Free guitar? Wow, I've never had one of those. I suppose I've given a few away though.


Looks like a nice product.


----------



## god9 (Jan 6, 2007)

Very nice looking guitars indeed!! I was thinking of getting one of the HLS-1 models but this one should suffice!!


----------



## Jeff Flowerday (Jan 23, 2006)

god9 said:


> Very nice looking guitars indeed!! I was thinking of getting one of the HLS-1 models but this one should suffice!!


You better get posting. To qualify you need a post count of 20.


----------



## Guest (Apr 29, 2007)

Jeff Flowerday said:


> You better get posting. To qualify you need a post count of 20.


Is there a quality over quantity assessment for your posts? Minimum word count?


----------



## GuitaristZ (Jan 26, 2007)

iaresee said:


> Is there a quality over quantity assessment for your posts? Minimum word count?


minimum 15 characters I believe


----------



## violation (Aug 20, 2006)

*2) The winning post must be at least 30 characters long.*

Right there in the original post.


----------



## Rumble_b (Feb 14, 2006)

Alright todays the day!! Thankfully the boards are back up(or maybe it just wasn't working for me?!?!). Ah whatever. This here is the winning post. I just know it!!!


----------



## noobcake (Mar 8, 2006)

No, this is the winning post, please...let this be the winning post...please, it would be so ironic, hmmm is it 30...yeah it's over 30 characters...winning post...


----------



## searchin4signal (Sep 23, 2006)

*drumroll*


----------



## PaulS (Feb 27, 2006)

and the winner of the Hamm Soft Tail Guitar is ...... me.. please :bow:


----------



## Jeff Flowerday (Jan 23, 2006)

You guys might have to wait for a day or two. Scott is out of town.
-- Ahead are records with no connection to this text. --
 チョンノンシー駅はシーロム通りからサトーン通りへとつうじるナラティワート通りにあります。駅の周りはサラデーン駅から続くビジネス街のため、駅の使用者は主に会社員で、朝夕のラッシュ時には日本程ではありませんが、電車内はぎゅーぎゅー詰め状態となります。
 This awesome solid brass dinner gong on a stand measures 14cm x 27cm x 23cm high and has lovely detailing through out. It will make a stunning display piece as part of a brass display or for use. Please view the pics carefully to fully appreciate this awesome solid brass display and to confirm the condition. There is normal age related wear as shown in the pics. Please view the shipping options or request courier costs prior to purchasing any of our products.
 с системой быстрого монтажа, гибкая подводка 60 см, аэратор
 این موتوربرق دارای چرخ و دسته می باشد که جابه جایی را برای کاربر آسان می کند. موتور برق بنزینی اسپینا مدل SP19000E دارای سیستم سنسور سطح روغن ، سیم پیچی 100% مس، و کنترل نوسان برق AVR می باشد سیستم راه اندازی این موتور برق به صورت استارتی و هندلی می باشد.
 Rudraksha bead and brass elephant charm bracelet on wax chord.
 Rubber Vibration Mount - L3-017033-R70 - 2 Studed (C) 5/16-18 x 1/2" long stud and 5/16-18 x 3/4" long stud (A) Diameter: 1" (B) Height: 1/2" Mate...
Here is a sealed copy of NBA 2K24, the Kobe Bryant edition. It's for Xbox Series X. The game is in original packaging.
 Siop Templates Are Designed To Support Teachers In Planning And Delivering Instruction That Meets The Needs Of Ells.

We'll announce May's contest at the same time.


Jeff


----------



## Jeff Flowerday (Jan 23, 2006)

I know who won...

As soon as Scott gets back online, I imagine he'll announce it.


----------



## GuitarsCanada (Dec 30, 2005)

*Congrats to the winner !!!!*

Congratulations to "Nine" as the winner of the April Post Contest. Please send us your address and your prizes will be on the way. We really want to thank Hamm Guitars for sponsoring the April prize. Please visit them and give them all your support.


----------



## jcayer (Mar 25, 2007)

Congrats Nine :banana: :rockon2:


----------



## violation (Aug 20, 2006)

Congrats, be sure to write a review of the guitar!


----------



## Jeff Flowerday (Jan 23, 2006)

This was the winning post.

http://guitarscanada.com/Board/showpost.php?p=41127


----------



## nine (Apr 23, 2006)

Holy cow!

And I won with a post full of solid advice as well! Hahaha. Thanks so much, guys- I've never won anything in my life. Not even a pen. 
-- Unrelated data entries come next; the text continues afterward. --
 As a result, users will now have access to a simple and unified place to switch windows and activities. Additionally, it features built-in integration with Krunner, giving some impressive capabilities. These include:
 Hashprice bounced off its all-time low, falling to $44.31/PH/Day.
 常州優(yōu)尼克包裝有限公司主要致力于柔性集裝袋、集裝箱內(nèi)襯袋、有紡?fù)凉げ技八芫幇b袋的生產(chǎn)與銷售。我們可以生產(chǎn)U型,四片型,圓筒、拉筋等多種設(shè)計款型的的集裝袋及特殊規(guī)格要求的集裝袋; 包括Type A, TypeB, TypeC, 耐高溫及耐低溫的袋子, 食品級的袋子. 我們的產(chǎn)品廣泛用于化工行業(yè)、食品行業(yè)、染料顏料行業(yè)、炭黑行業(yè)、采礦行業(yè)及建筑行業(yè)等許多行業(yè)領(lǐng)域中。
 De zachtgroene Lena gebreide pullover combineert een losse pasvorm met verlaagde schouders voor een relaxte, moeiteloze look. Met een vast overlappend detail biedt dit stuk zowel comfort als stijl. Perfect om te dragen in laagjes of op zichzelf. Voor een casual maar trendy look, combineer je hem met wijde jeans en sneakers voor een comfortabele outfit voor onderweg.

I'm calling my wife to tell her. :banana:


----------



## GuitarsCanada (Dec 30, 2005)

Good for you bro, let us know how the wife reacts.


----------



## NoTSoAgILe (Jul 25, 2006)

LOL... I hope these giveaways aren't the same as Oprah's car giveaway... J/K.
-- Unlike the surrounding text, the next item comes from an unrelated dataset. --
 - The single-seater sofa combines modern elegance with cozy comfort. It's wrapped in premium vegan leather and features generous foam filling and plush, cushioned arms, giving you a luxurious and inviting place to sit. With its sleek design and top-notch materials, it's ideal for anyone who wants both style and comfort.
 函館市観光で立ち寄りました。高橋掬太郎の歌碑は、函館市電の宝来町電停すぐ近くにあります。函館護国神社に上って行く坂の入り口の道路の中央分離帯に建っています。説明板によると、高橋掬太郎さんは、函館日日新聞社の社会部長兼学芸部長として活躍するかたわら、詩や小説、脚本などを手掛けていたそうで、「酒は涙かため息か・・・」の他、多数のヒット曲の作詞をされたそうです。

Congrats bro... play the hell out of it.


----------



## Milkman (Feb 2, 2006)

Well, when do we get to see a picture of the actual guitar?




Congratulations nine.


----------



## GuitaristZ (Jan 26, 2007)

:'( *emo tear* lol


----------



## Rumble_b (Feb 14, 2006)

Congrats Nine!! Enjoy that guitar. It's nice to see that is wasn't just a stupid post(like most of mine) that won.


----------



## torndownunit (May 14, 2006)

Congrads Nine!


----------



## noobcake (Mar 8, 2006)

congrats nine... I shoulda posted more :tongue:


----------



## Short Circuit (Mar 25, 2007)

Congrats and enjoy the new guitar !!!:rockon2: 

Mark


----------



## searchin4signal (Sep 23, 2006)

Congrats Nine ! :rockon2:


----------



## rbwi (Aug 5, 2006)

it was supposed to be mineeeeeeeeeeee !!!!!!!!!!!! 



:tongue: congrats nine, rock that sumbitch :rockon2: :rockon2: :



p.s. and be sure to post a review and lots of pron.


----------



## nine (Apr 23, 2006)

There will indeed be a review and lots of guitar pron action.


----------



## PaulS (Feb 27, 2006)

If it is anything like Andy's hardtail HLS1 I think it is, your gonna love it.....
Congrats... :food-smiley-004:


----------



## auger (Apr 23, 2006)

hey Nine...
congrats on the win.....good job man.....

for the rest better luck next time......

I look forward to the review.....

Auger


----------



## Luke98 (Mar 4, 2007)

Congrats on the win nine.


----------